Выбрать главу

Но я обязательно скажу ему, что за всю мою короткую, но насыщенную событиями жизнь у меня было всего три великих учителя [Двумя другими были Гораций Уильямс, заведующий кафедрой философии, и Эдвин Гринлоу, заведующий кафедрой английского языка в университете Северной Каролины] и что вы – один из них. Гарвард, каким бы прекрасным он ни был, пока не смог представить ни одного кандидата в мой собственный Зал славы, хотя я надеюсь в течение еще одного года выдвинуть и избрать четвертого.

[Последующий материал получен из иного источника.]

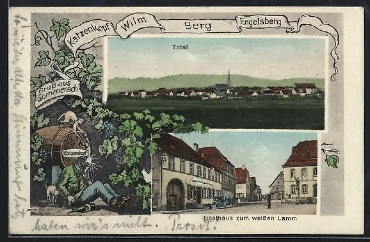 AK Sommerach, Gasthaus zum weissen Lamm, Totalansicht, Katzenkopf, Wilm, Berg, Engelsberg

Эта балльная система отбора учителей – пережиток варварства, – когда я сравниваю вас не только по фактической культуре, но и по более важному качеству – стимулировать и вдохновлять любовь к прекрасной литературе в сердце, уме и душе [того] мальчика, которому посчастливилось выбрать вас в качестве учителя (моя фраза становится глухой; мне нужно сделать свежее дыхание), – когда я сравниваю вас в этих отношениях со средним выпускником колледжа, сравнения, как говорит миссис Малапроп, [Миссис Малапроп – персонаж комедии Ричарда Шеридана «Соперники» (1775), отмеченный за неправильное употребление слов. «Упрямство, как аллегория на берегах Нила» – одно из ее грубых злоупотреблений] становятся неприятно пахнущими. Миссис Робертс, невозможно оценить то влияние, которое вы оказали на меня и на весь ход моей жизни; что сделано, то сделано, каждый день заставляет меня все яснее видеть, насколько огромным было это влияние, и я знаю, что в последний день своей жизни я буду еще более категоричен в этом вопросе, чем сейчас.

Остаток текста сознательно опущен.